Fractions are a way to represent parts of a whole or a division of quantities. They consist of two key components: the numerator and the denominator.
Fractions are written in the form \(\frac{a}{b}\), where \(a\) represents the number of parts we're considering, and \(b\) represents the total number of equal parts.

• Proper Fractions: These fractions have numerators smaller than their denominators, like \(\frac{3}{5}\). They represent a quantity less than one.
• Improper Fractions: Here, the numerator is equal to or greater than the denominator, such as \(\frac{5}{3}\). These can be converted into mixed numbers.
• Mixed Numbers: Combination of an integer and a proper fraction, like 1\(\frac{2}{3}\).

Understanding fractions is fundamental before diving into concepts like reciprocals, as you need to know which numbers to work with when manipulating the fraction.

Numerators are at the top of a fraction. They show you what's being counted.
In the fraction \(\frac{3}{5}\), the numerator is 3. It's telling us we're considering 3 parts out of 5 total parts.

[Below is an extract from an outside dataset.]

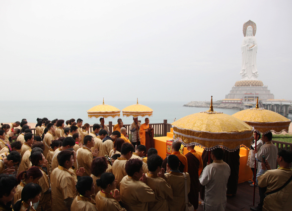 2016年3月27日农历二月十九,丙申年观音菩萨圣诞日,为圆满十方善信虔诚祈福心愿,三亚南山海上观音特于吉时举行观音菩萨圣诞日祈福法会。

• Counting Parts: The numerator indicates how many parts of the whole are being focused on. So, in terms of a pie, if the pie is cut into 5 slices, choosing "3" as our numerator means we are looking at 3 slices.
• Affect on Value: Increasing or decreasing the numerator changes the overall value of the fraction, directly relating to how much of the whole you're looking at. For instance, \(\frac{3}{5}\) is less than \(\frac{4}{5}\); each step up in the numerator increases the fraction's value.

Remember when finding the reciprocal, the numerator becomes the denominator.

The denominator is the bottom part of a fraction. It represents the total number of equal parts the whole is divided into.
In \(\frac{3}{5}\), 5 is the denominator, showing there are 5 equal parts in total.

• Determining Unit Size: The denominator helps you understand how small or large each "part" is; larger denominators mean smaller parts. For example, \(\frac{3}{10}\) means smaller parts than \(\frac{3}{5}\) since one part of \(\frac{3}{10}\) is smaller than one part of \(\frac{3}{5}\).
• Impact on Fraction Value: A smaller denominator means larger parts, leading to a bigger fraction. For example, \(\frac{3}{4}\) is larger than \(\frac{3}{5}\) because 1 of 4 parts is larger than 1 of 5 parts.

When finding the reciprocal, swap the roles of the numerator and denominator.